Silhouette: Leveraging Consistency Mechanisms to Detect Bugs in Persistent Memory-Based File Systems

The emergence of persistent memory (PM), with its non-volatile and byte-addressable characteristics, has led to a novel storage programming paradigm. However, PM programs need to flush stores from CPU caches and correctly order them to avoid inconsistencies after a crash. As a result, many bug-detection tools have been developed for checking crash-consistency bugs in PM software. These bug detectors focus on reordering in-flight stores, crashing the system, and then checking for crash consistency during recovery. However, large-scale systems such as file systems have many in-flight stores, resulting in a large exploration space that makes exhaustive testing prohibitive.
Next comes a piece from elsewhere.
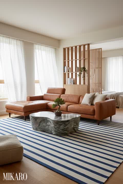 Japandi Open Plan Living: Modern Urban Sanctuary with Integrated Zones and Minimalist Design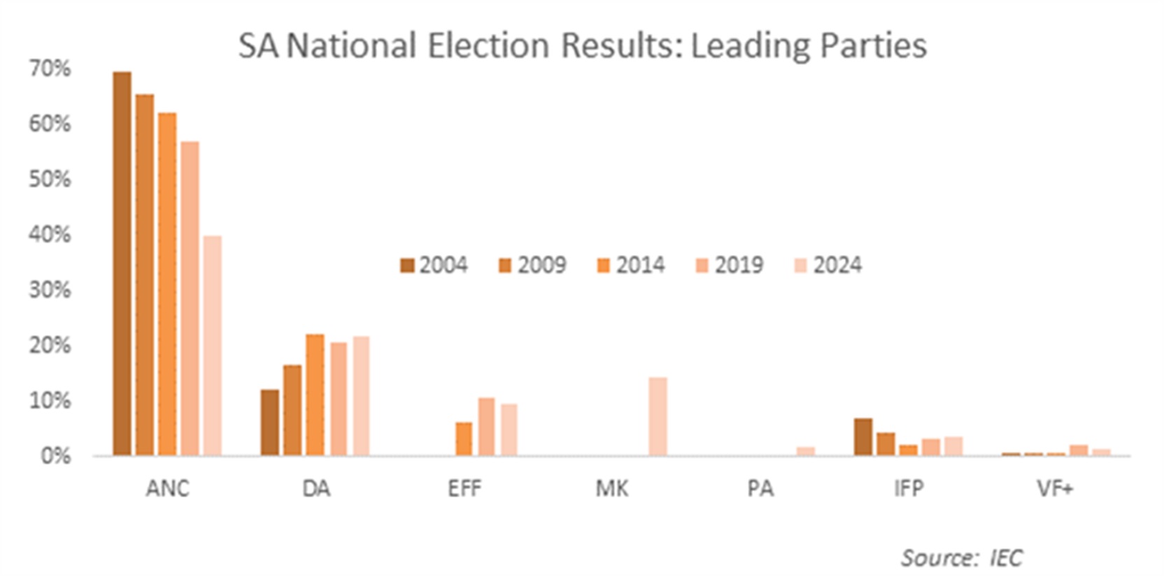In the weeks running up to the election, the broad consensus among local and international investors was that the ANC would get between 45% and 50%, allowing it to remain in power with the help of one or two smaller parties. However, its losses were too big and it will need to partner with one of the large parties – the MKP, EFF or DA – in a formal or informal coalition arrangement.

This paper presents Silhouette, a bug-detection framework that targets PM-based file systems. These file systems use standard crash-consistency mechanisms such as journaling and replication. Silhouette uses a novel combination of static instrumentation and data-type-based dynamic analysis to check whether these file systems implement their consistency mechanisms correctly. If these checks pass, then all stores associated with the consistency mechanism (e.g., logging and checkpointing stores for journaling) are considered protected and only the unprotected stores are reordered during exploration. Our evaluation shows that Silhouette dramatically reduces the exploration space, finds all bugs found by existing tools 10x faster, and finds several new bugs in various PM file systems.